Excerpts from a dataset:
^^^^^^^^

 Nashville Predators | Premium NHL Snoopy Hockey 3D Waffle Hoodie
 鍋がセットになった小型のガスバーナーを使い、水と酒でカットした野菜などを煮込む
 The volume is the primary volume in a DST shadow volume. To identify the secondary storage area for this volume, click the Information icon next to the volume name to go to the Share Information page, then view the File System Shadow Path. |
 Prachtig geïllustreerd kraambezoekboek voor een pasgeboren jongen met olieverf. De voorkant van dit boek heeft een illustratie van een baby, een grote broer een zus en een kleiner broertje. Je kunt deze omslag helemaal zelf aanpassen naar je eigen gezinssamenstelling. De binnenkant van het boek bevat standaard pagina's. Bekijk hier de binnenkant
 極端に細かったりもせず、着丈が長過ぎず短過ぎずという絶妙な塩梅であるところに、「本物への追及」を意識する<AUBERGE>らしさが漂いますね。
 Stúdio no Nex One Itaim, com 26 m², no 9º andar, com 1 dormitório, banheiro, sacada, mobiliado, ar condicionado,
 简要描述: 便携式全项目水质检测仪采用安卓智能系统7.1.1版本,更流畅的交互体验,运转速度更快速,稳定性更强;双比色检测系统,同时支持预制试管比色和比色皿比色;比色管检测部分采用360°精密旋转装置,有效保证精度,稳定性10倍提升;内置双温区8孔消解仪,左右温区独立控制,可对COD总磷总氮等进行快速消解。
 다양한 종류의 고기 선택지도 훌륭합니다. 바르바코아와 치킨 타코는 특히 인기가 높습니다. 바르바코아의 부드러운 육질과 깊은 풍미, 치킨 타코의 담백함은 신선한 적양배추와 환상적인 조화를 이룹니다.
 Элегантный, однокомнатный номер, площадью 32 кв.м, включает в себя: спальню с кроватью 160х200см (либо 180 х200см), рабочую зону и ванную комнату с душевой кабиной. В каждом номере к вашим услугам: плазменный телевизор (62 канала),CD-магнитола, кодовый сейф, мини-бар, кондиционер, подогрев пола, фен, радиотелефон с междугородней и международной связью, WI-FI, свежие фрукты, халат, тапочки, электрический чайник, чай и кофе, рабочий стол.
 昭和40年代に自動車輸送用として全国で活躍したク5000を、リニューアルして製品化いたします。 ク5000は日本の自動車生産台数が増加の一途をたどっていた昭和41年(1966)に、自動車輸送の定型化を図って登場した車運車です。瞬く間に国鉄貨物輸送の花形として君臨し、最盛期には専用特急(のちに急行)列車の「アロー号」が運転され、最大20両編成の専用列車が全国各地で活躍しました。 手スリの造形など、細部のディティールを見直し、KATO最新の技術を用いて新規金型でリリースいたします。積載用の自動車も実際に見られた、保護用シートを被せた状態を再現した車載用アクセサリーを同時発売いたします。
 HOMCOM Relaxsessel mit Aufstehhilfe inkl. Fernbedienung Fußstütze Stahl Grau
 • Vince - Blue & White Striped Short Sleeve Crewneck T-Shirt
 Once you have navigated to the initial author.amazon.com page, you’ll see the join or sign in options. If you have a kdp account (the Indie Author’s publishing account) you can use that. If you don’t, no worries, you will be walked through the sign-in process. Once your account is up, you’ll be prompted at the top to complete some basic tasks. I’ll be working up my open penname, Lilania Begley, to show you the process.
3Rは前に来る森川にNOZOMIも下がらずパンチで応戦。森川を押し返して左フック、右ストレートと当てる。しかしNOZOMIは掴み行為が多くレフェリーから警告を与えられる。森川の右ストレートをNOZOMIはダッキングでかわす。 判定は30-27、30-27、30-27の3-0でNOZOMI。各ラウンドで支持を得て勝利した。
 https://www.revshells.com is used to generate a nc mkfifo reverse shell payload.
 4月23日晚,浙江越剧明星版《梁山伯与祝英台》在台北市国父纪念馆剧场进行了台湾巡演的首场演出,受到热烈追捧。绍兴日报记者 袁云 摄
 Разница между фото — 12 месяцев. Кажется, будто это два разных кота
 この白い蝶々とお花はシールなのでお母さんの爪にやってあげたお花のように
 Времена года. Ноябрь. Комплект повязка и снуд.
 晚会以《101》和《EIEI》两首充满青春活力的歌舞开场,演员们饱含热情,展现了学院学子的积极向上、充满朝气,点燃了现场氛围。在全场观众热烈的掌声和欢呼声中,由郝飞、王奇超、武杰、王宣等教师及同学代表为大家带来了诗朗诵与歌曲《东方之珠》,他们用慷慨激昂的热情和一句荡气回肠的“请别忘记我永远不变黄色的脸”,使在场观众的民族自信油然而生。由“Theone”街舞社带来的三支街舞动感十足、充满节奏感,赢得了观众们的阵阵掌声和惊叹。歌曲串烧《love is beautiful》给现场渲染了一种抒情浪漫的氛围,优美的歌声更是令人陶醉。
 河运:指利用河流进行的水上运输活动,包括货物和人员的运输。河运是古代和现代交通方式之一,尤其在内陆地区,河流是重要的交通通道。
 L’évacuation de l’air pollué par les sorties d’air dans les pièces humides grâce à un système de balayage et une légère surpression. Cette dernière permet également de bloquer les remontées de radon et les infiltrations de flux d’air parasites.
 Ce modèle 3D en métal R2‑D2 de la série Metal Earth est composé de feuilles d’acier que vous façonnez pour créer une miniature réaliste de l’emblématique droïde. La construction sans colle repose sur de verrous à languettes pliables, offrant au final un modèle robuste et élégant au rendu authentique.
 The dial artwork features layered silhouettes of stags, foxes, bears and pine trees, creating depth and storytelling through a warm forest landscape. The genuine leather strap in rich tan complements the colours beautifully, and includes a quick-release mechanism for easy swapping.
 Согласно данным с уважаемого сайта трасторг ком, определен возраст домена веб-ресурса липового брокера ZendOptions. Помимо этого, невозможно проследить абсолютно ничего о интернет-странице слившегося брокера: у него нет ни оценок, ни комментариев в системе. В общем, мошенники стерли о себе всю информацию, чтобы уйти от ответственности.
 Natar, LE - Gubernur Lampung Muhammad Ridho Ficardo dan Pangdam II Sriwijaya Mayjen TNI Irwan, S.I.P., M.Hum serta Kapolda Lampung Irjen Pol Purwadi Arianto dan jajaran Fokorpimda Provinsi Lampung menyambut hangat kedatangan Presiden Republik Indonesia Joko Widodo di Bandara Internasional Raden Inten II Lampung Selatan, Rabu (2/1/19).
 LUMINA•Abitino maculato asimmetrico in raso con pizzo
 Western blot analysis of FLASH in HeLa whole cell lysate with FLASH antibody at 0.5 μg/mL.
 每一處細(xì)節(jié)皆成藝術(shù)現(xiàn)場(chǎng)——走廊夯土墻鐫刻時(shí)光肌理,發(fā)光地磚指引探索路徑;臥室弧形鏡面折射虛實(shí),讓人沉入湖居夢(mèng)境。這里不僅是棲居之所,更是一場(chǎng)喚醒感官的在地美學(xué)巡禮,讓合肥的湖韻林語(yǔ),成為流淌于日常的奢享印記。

^^^^^^^^

YOUR OBJECTIVE: Retype all the data. Nothing may be left out or altered.

RESULT OF THIS TASK:
 Nashville Predators | Premium NHL Snoopy Hockey 3D Waffle Hoodie
 鍋がセットになった小型のガスバーナーを使い、水と酒でカットした野菜などを煮込む
 The volume is the primary volume in a DST shadow volume. To identify the secondary storage area for this volume, click the Information icon next to the volume name to go to the Share Information page, then view the File System Shadow Path. |
 Prachtig geïllustreerd kraambezoekboek voor een pasgeboren jongen met olieverf. De voorkant van dit boek heeft een illustratie van een baby, een grote broer een zus en een kleiner broertje. Je kunt deze omslag helemaal zelf aanpassen naar je eigen gezinssamenstelling. De binnenkant van het boek bevat standaard pagina's. Bekijk hier de binnenkant
 極端に細かったりもせず、着丈が長過ぎず短過ぎずという絶妙な塩梅であるところに、「本物への追及」を意識する<AUBERGE>らしさが漂いますね。
 Stúdio no Nex One Itaim, com 26 m², no 9º andar, com 1 dormitório, banheiro, sacada, mobiliado, ar condicionado,
 简要描述: 便携式全项目水质检测仪采用安卓智能系统7.1.1版本,更流畅的交互体验,运转速度更快速,稳定性更强;双比色检测系统,同时支持预制试管比色和比色皿比色;比色管检测部分采用360°精密旋转装置,有效保证精度,稳定性10倍提升;内置双温区8孔消解仪,左右温区独立控制,可对COD总磷总氮等进行快速消解。
 다양한 종류의 고기 선택지도 훌륭합니다. 바르바코아와 치킨 타코는 특히 인기가 높습니다. 바르바코아의 부드러운 육질과 깊은 풍미, 치킨 타코의 담백함은 신선한 적양배추와 환상적인 조화를 이룹니다.
 Элегантный, однокомнатный номер, площадью 32 кв.м, включает в себя: спальню с кроватью 160х200см (либо 180 х200см), рабочую зону и ванную комнату с душевой кабиной. В каждом номере к вашим услугам: плазменный телевизор (62 канала),CD-магнитола, кодовый сейф, мини-бар, кондиционер, подогрев пола, фен, радиотелефон с междугородней и международной связью, WI-FI, свежие фрукты, халат, тапочки, электрический чайник, чай и кофе, рабочий стол.
 昭和40年代に自動車輸送用として全国で活躍したク5000を、リニューアルして製品化いたします。 ク5000は日本の自動車生産台数が増加の一途をたどっていた昭和41年(1966)に、自動車輸送の定型化を図って登場した車運車です。瞬く間に国鉄貨物輸送の花形として君臨し、最盛期には専用特急(のちに急行)列車の「アロー号」が運転され、最大20両編成の専用列車が全国各地で活躍しました。 手スリの造形など、細部のディティールを見直し、KATO最新の技術を用いて新規金型でリリースいたします。積載用の自動車も実際に見られた、保護用シートを被せた状態を再現した車載用アクセサリーを同時発売いたします。
 HOMCOM Relaxsessel mit Aufstehhilfe inkl. Fernbedienung Fußstütze Stahl Grau
 • Vince - Blue & White Striped Short Sleeve Crewneck T-Shirt
 Once you have navigated to the initial author.amazon.com page, you’ll see the join or sign in options. If you have a kdp account (the Indie Author’s publishing account) you can use that. If you don’t, no worries, you will be walked through the sign-in process. Once your account is up, you’ll be prompted at the top to complete some basic tasks. I’ll be working up my open penname, Lilania Begley, to show you the process.
3Rは前に来る森川にNOZOMIも下がらずパンチで応戦。森川を押し返して左フック、右ストレートと当てる。しかしNOZOMIは掴み行為が多くレフェリーから警告を与えられる。森川の右ストレートをNOZOMIはダッキングでかわす。 判定は30-27、30-27、30-27の3-0でNOZOMI。各ラウンドで支持を得て勝利した。
 https://www.revshells.com is used to generate a nc mkfifo reverse shell payload.
 4月23日晚,浙江越剧明星版《梁山伯与祝英台》在台北市国父纪念馆剧场进行了台湾巡演的首场演出,受到热烈追捧。绍兴日报记者 袁云 摄
 Разница между фото — 12 месяцев. Кажется, будто это два разных кота
 この白い蝶々とお花はシールなのでお母さんの爪にやってあげたお花のように
 Времена года. Ноябрь. Комплект повязка и снуд.
 晚会以《101》和《EIEI》两首充满青春活力的歌舞开场,演员们饱含热情,展现了学院学子的积极向上、充满朝气,点燃了现场氛围。在全场观众热烈的掌声和欢呼声中,由郝飞、王奇超、武杰、王宣等教师及同学代表为大家带来了诗朗诵与歌曲《东方之珠》,他们用慷慨激昂的热情和一句荡气回肠的“请别忘记我永远不变黄色的脸”,使在场观众的民族自信油然而生。由“Theone”街舞社带来的三支街舞动感十足、充满节奏感,赢得了观众们的阵阵掌声和惊叹。歌曲串烧《love is beautiful》给现场渲染了一种抒情浪漫的氛围,优美的歌声更是令人陶醉。
 河运:指利用河流进行的水上运输活动,包括货物和人员的运输。河运是古代和现代交通方式之一,尤其在内陆地区,河流是重要的交通通道。
 L’évacuation de l’air pollué par les sorties d’air dans les pièces humides grâce à un système de balayage et une légère surpression. Cette dernière permet également de bloquer les remontées de radon et les infiltrations de flux d’air parasites.
 Ce modèle 3D en métal R2‑D2 de la série Metal Earth est composé de feuilles d’acier que vous façonnez pour créer une miniature réaliste de l’emblématique droïde. La construction sans colle repose sur de verrous à languettes pliables, offrant au final un modèle robuste et élégant au rendu authentique.
 The dial artwork features layered silhouettes of stags, foxes, bears and pine trees, creating depth and storytelling through a warm forest landscape. The genuine leather strap in rich tan complements the colours beautifully, and includes a quick-release mechanism for easy swapping.
 Согласно данным с уважаемого сайта трасторг ком, определен возраст домена веб-ресурса липового брокера ZendOptions. Помимо этого, невозможно проследить абсолютно ничего о интернет-странице слившегося брокера: у него нет ни оценок, ни комментариев в системе. В общем, мошенники стерли о себе всю информацию, чтобы уйти от ответственности.
 Natar, LE - Gubernur Lampung Muhammad Ridho Ficardo dan Pangdam II Sriwijaya Mayjen TNI Irwan, S.I.P., M.Hum serta Kapolda Lampung Irjen Pol Purwadi Arianto dan jajaran Fokorpimda Provinsi Lampung menyambut hangat kedatangan Presiden Republik Indonesia Joko Widodo di Bandara Internasional Raden Inten II Lampung Selatan, Rabu (2/1/19).
 LUMINA•Abitino maculato asimmetrico in raso con pizzo
 Western blot analysis of FLASH in HeLa whole cell lysate with FLASH antibody at 0.5 μg/mL.
 每一處細(xì)節(jié)皆成藝術(shù)現(xiàn)場(chǎng)——走廊夯土墻鐫刻時(shí)光肌理,發(fā)光地磚指引探索路徑;臥室弧形鏡面折射虛實(shí),讓人沉入湖居夢(mèng)境。這里不僅是棲居之所,更是一場(chǎng)喚醒感官的在地美學(xué)巡禮,讓合肥的湖韻林語(yǔ),成為流淌于日常的奢享印記。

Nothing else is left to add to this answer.